What is the TTS Emotion & Tone Prompt Guide?

Guide and generator for eliciting emotional delivery from AI text-to-speech. Pick an emotion and platform to get ready-to-use direction techniques — parenthetical cues like (laughing), interjections, and pacing markup — formatted for your TTS engine. It runs free in your browser on Gera Tools, with nothing uploaded.

TTS Emotion & Tone Prompt Guide

Name: TTS Emotion & Tone Prompt Guide
Creator: Gera Tools
License: https://creativecommons.org/licenses/by/4.0/

TTS emotion and tone prompt guide

Default AI voice output is competent but flat. The difference between a robotic read and a believable performance is direction — the same techniques a voice actor gets from a script. Expressive TTS models respond to emotional cues, interjections, and pacing markup, but each engine wants them in a different form. This guide turns the emotion you want into the cues your specific platform understands.

How it works

Pick a target emotion and your TTS platform. Each emotion maps to a set of reliable techniques: parenthetical direction such as (warmly) or (laughing), interjection words like “oh” and “hmm” that force a natural breath, and punctuation pacing — ellipses for hesitation, em dashes for abrupt stops, exclamation for energy. The tool then formats an example line for your engine: inline cues for ElevenLabs, a tone instruction for OpenAI TTS, or SSML <prosody> and <emphasis> tags for generic engines.

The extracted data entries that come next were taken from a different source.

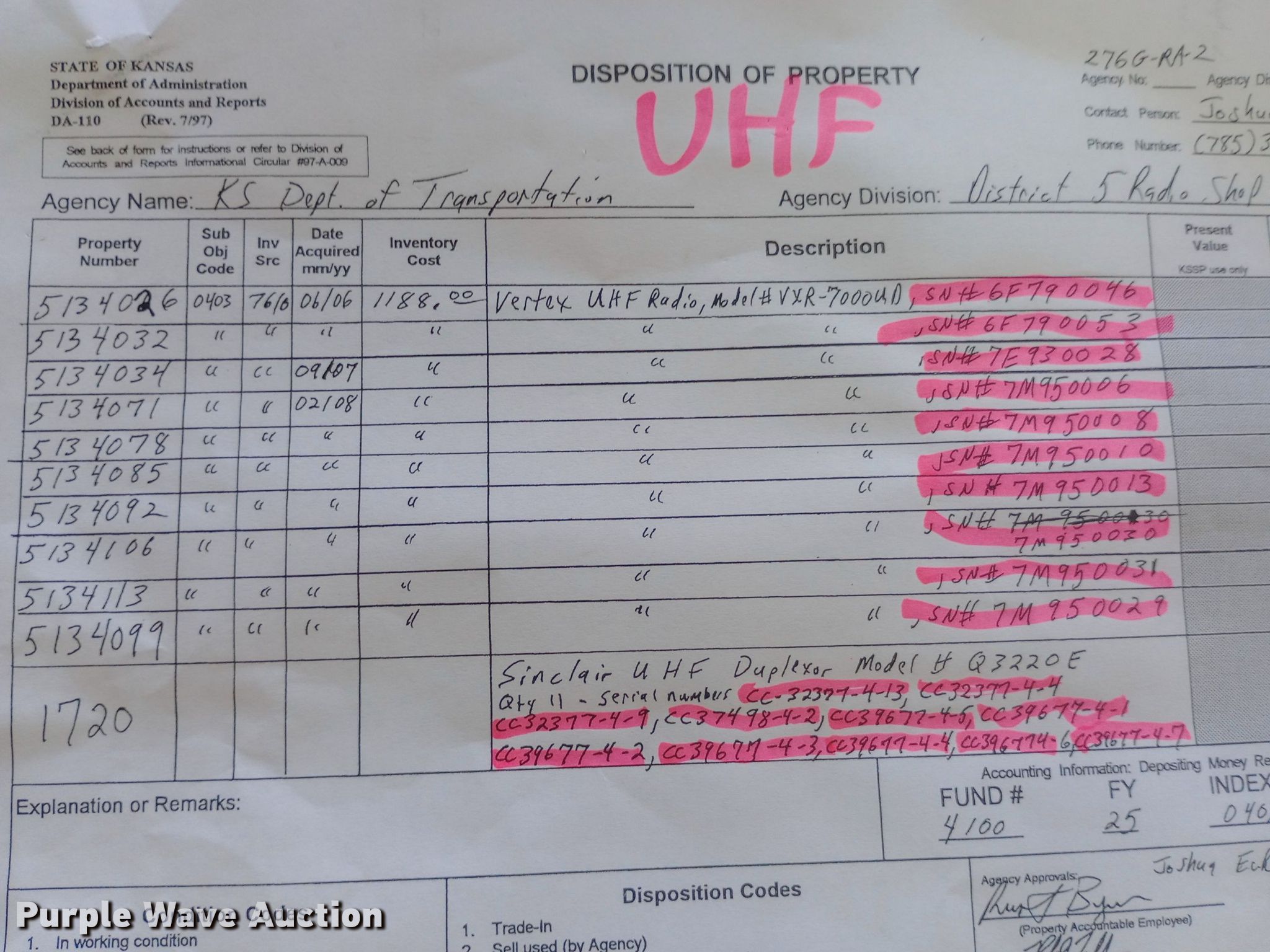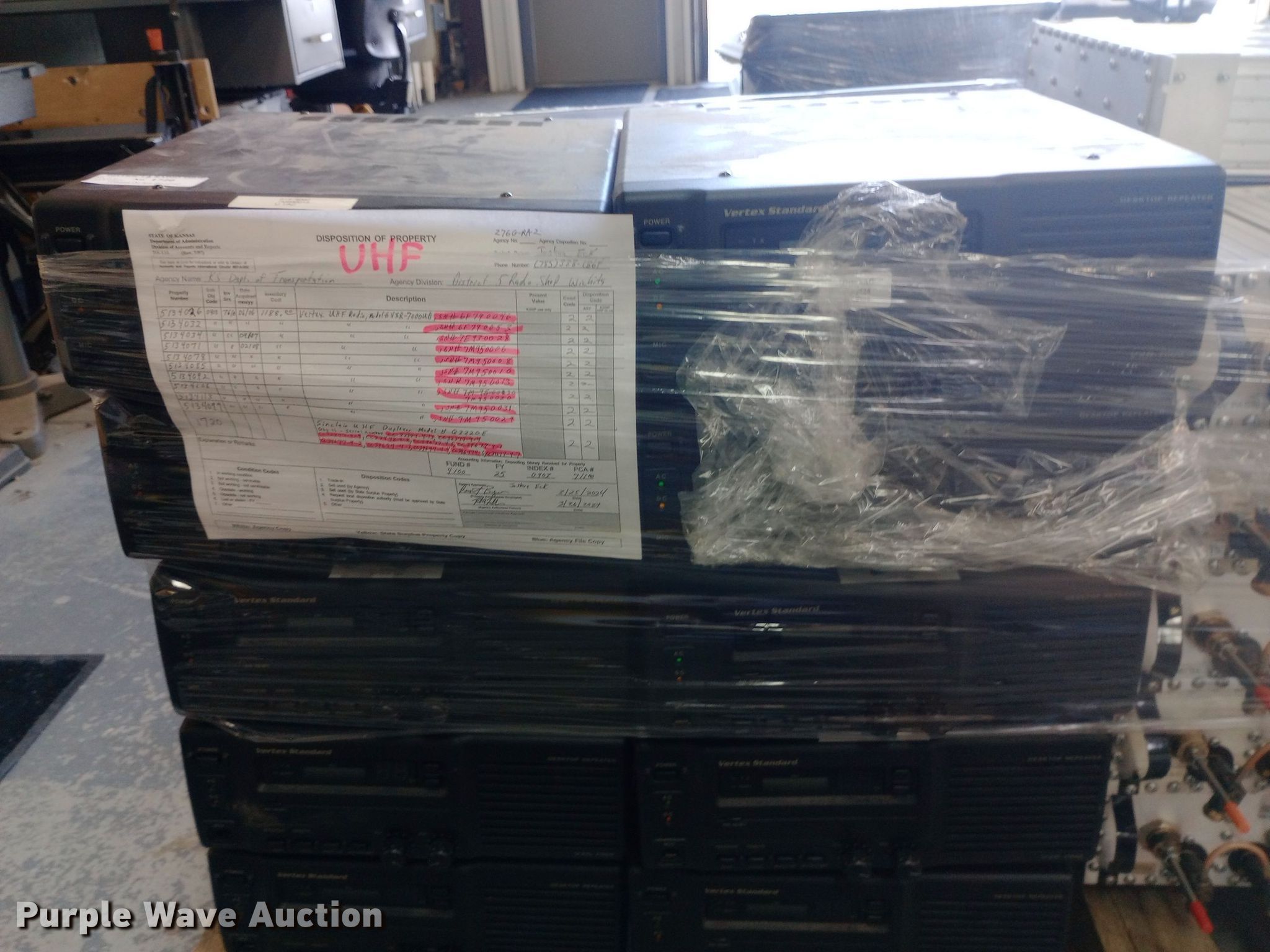 Purple Wave is selling a used Electronics in Kansas. This item is a Electronics with the following: (10) Vertex VXR-7000UD radios, (11) Sinclair Q3220E duplexors, KDOT ID: 1720, 5134026, 5134032, 5134034, 5134071, 5134078, 5134085, 5134092, 5134099, 5134106, 5134113
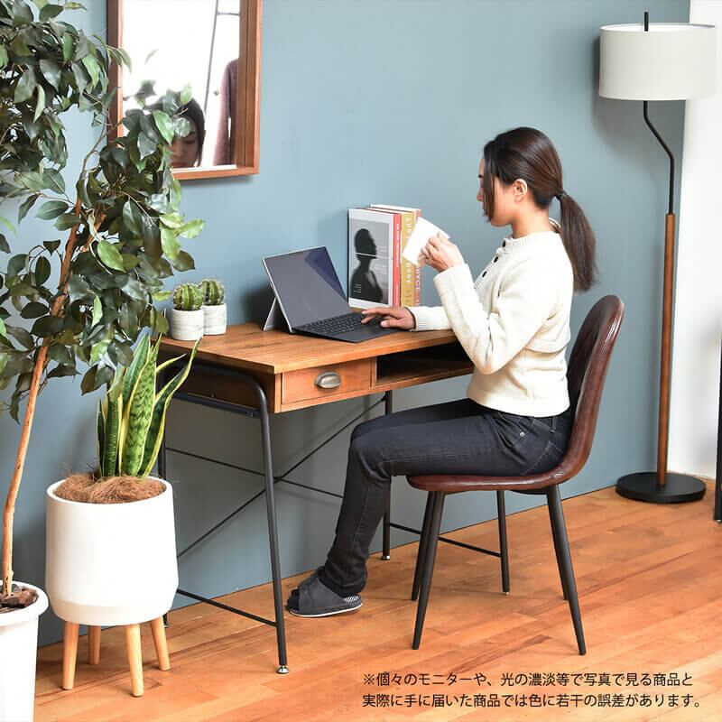 アンティーク調に加工された天然の桐材と、スチールパイプの組み合わせが、絶妙なバランスの収納付きデスクです。
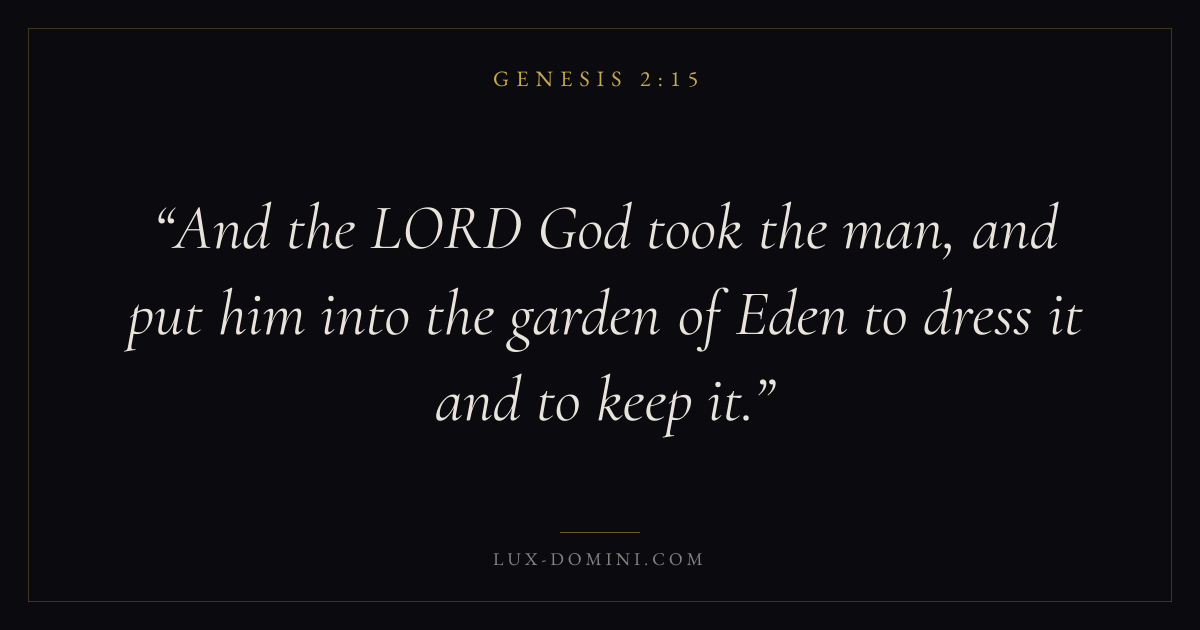 And the LORD God took the man, and put him into the garden of Eden to dress it and to keep it.
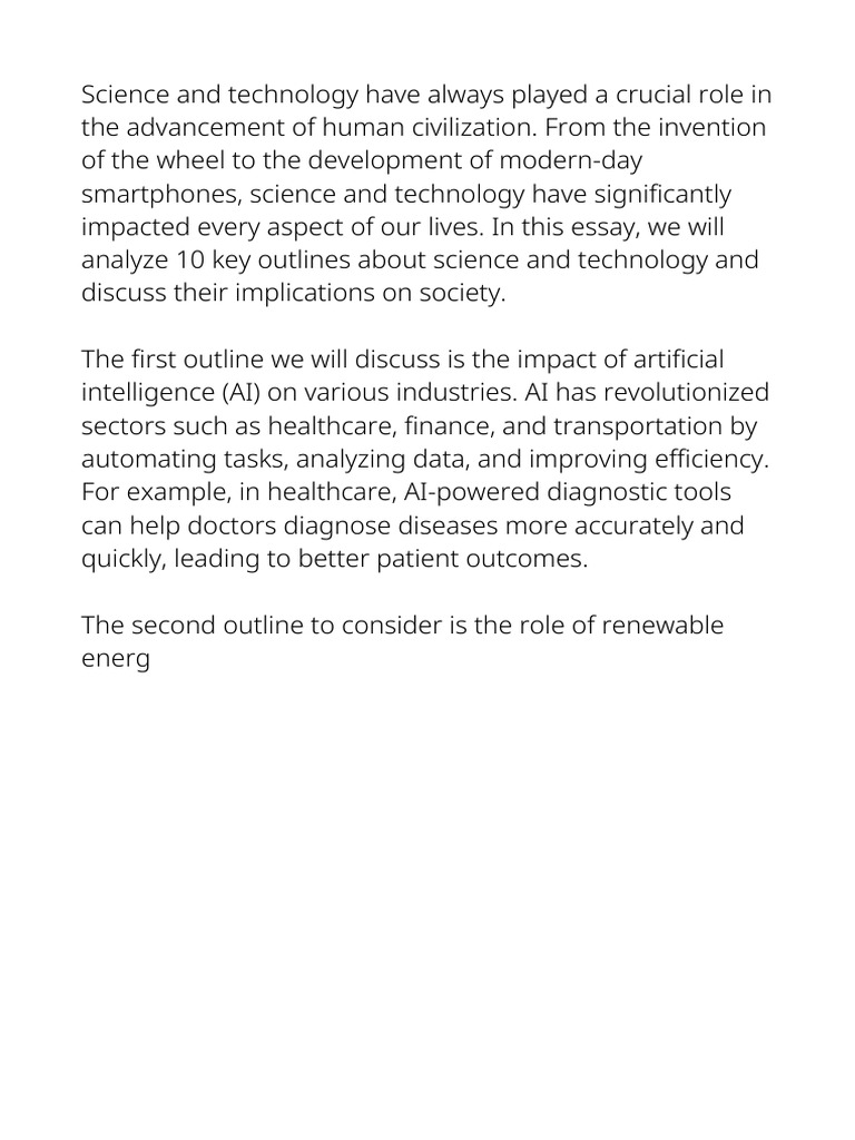 analyze 10 key outlines about science and technology and
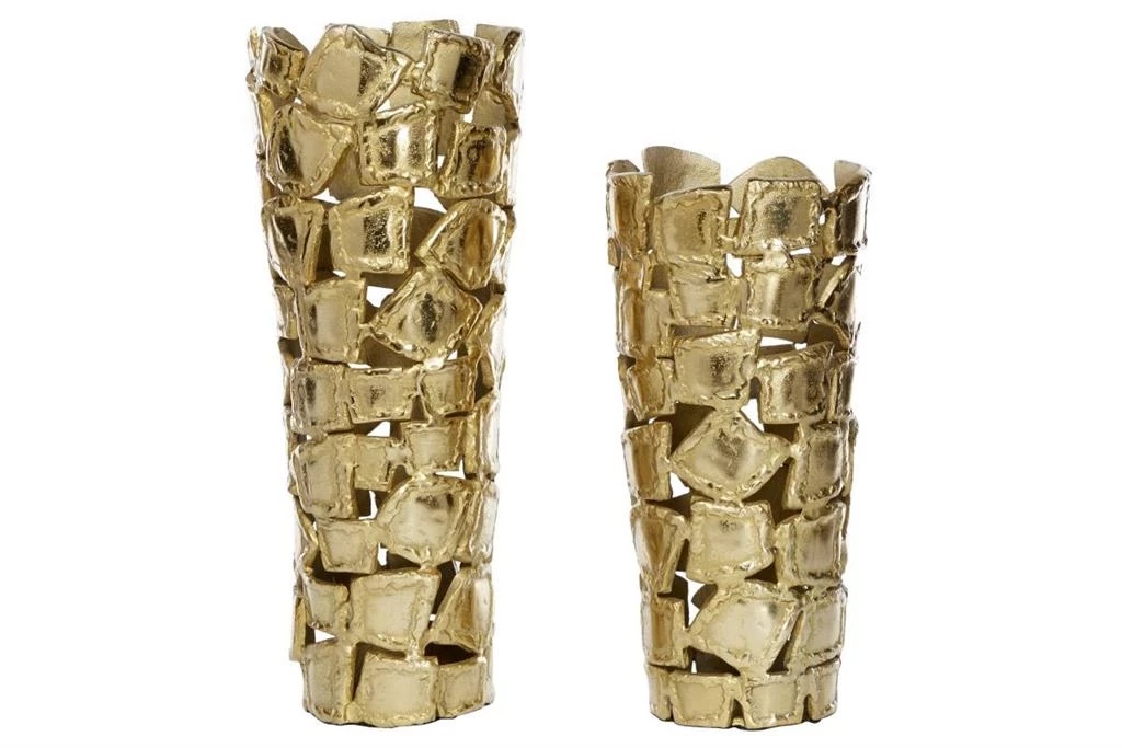 Unique welded-squares design of this striking gold toned aluminum accent piece perfectly suits your contemporary interiors.Â
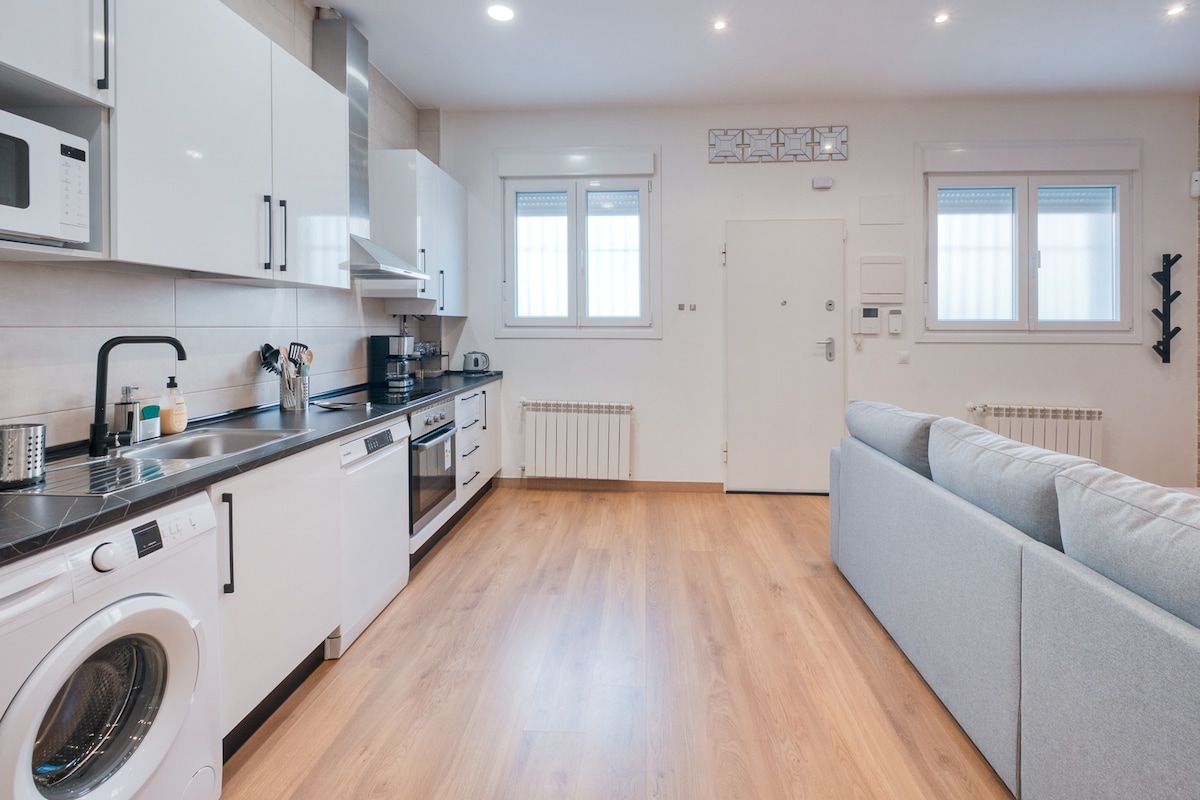Apartamento a pie de calle.ideal para viajes de trabajo, de estudios,asuntos médicos etc. con vitrocerámica, nevera, lavadora/secadora,lavaplatos, bomba de aire calor/frió, microondas, nespresso, utensilios de cocina completo,hervidor de agua para infusiones,cama matrimonio, sofá cama 190x150, smart tv, wifi, alarma, línea directa metro a Sol ( 15”),amplio baño, ducha efecto lluvia,dispensadores automáticos de gel.zona ajardinada,muy fácil aparcamiento, con dos parques infantiles de columpios
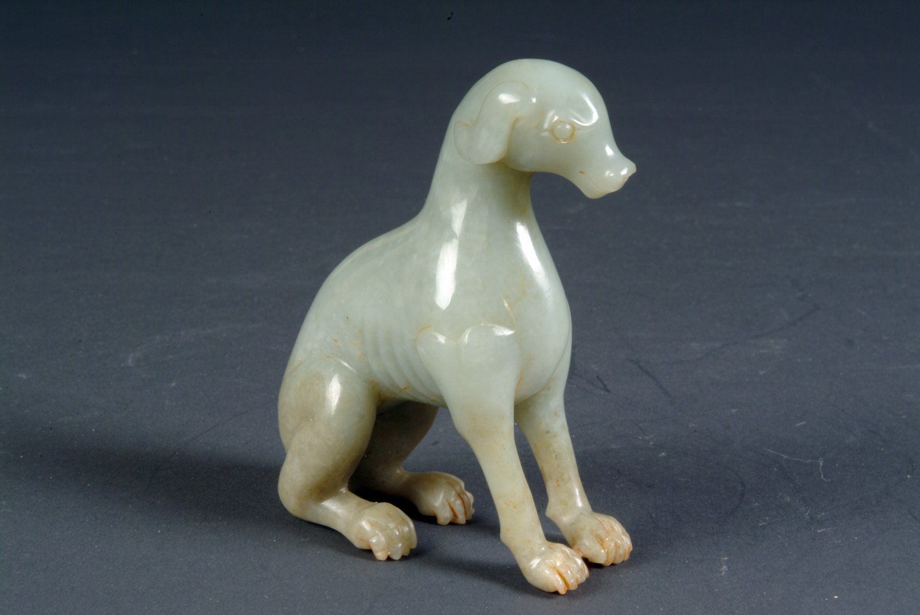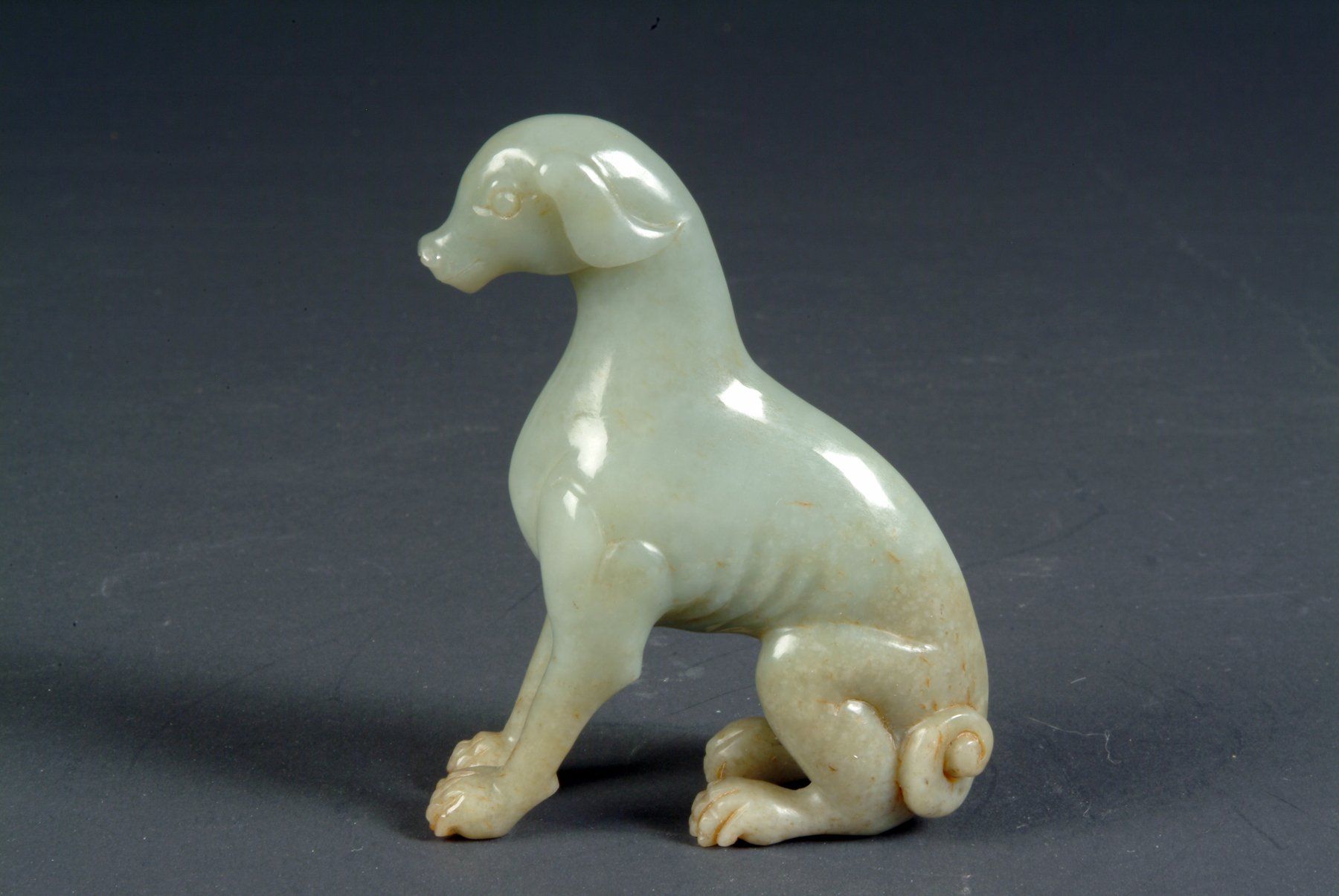 Skulptur eines sitzenden Hundes aus hellgrauer Jade aus der Qing-Dynastie
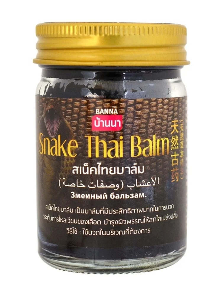 SNAKE THAI BALM, Banna хорошо впитывается в кожу, быстро облегчает боль в мышцах и суставах, отлично помогает при растяжениях, ушибах, защемлении нервов, является замечательной профилактикой радикулита, остеохондроза, ревматизма и невралгии. Укрепляет кости, эффективен для сращивания костей после переломов. SNAKE THAI BALM, Banna широко популярен по всему миру. Он сочетает в себе высокую эффективность, удобную для массажа и нанесения консистенцию и уникальную формулу.
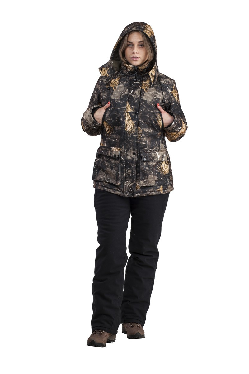 Универсальный утеплённый комфортный костюм для зимней рыбалки, охоты и активного отдыха.Выполнен из ветронепродуваемой и водонепроницаемой мембранной ткани. Верхний слой ткани с ПИЧ эффектом — это мягкая бархатистая поверхность. Костюм в модном в этом сезоне Animal принт. Ткань удобна и проста в уходе. Предназначен для защиты от пониженных температур, ветра, атмосферных осадков в зимний период. Состоит из куртки и полукомбинезона с эластичными регулируемыми лямками. Куртка с ветрозащитной планкой.Капюшон анатомического кроя, отстёгивающийся, регулируется по краю обзора. Утеплённый полукомбинезон с завышенной талией. По объёму регулируется поясом с фиксаторами, стягивающими талию, которые в свою очередь по спинке скрыты в кулисе. Отлично сидит на фигуре. Для удобства переобувания по низу штанин — расширитель на молнии с планкой.

Technique reference by platform

ElevenLabs

ElevenLabs responds to inline parenthetical cues placed directly in the text. The model interprets them as stage directions:

(laughing) I can't believe it worked! — triggers a laughing delivery
(whispering) Don't tell anyone. — produces a hushed, close-mic quality
(sighing) Well... here we go again. — delivers the sigh before the sentence

Punctuation matters too: ellipses slow the pace and imply hesitation; em dashes create an abrupt cut; a question mark at the end of a declarative raises pitch. Combining parentheticals with matching punctuation is more reliable than the cue alone.

OpenAI TTS

OpenAI TTS (tts-1 and tts-1-hd) does not directly support inline cues in the same way. Instead, set a system or instruction-level tone description. For example, passing Speak in a warm, encouraging tone as if coaching a student ahead of the content shapes the overall delivery across the whole request.

Within a request, punctuation and sentence rhythm are the main levers — short, punchy sentences read as energetic; long, flowing ones read as calm or formal.

Generic SSML

For AWS Polly, Google Cloud TTS, and Azure Speech, use proper SSML tags:

<speak>
  <prosody rate="slow" pitch="-5%">I have some difficult news.</prosody>
  <break time="700ms"/>
  <prosody rate="fast" volume="loud">But everything is going to be fine!</prosody>
</speak>

SSML gives precise, reliable control but requires more markup overhead. It is the right choice for production audio where consistency matters.

Emotions and their cues

Emotion	ElevenLabs cue	Punctuation technique	SSML approach
Cheerful	`(cheerfully)`	`!` frequently, short sentences	`rate="fast" pitch="+10%"`
Sad	`(sadly)`	Ellipses, long sentences	`rate="slow" pitch="-10%"`
Excited	`(excitedly)`	`!`, ALL CAPS on key words	`rate="fast" volume="loud"`
Whispering	`(whispering)`	No `!`, soft punctuation	`volume="soft" rate="slow"`
Laughing	`(laughing)`	”Ha — anyway…”	No direct SSML equivalent
Authoritative	`(firmly)`	Short sentences, full stops	`rate="medium" pitch="-5%"`

Tips for expressive delivery

Layer cues with punctuation. A (somber) tag plus ellipses and shorter sentences reads as genuine sadness; the tag alone often is not enough.
Keep emotional spans short. Models hold an emotion better over a sentence or two than across a long paragraph — break up monologues.
Test before committing. Some engines speak the cue text aloud. Generate a few seconds first and fall back to pacing-only techniques if a cue leaks into the audio.
Match energy to content. Forcing high energy onto somber copy sounds uncanny — let the emotion follow the words, not fight them.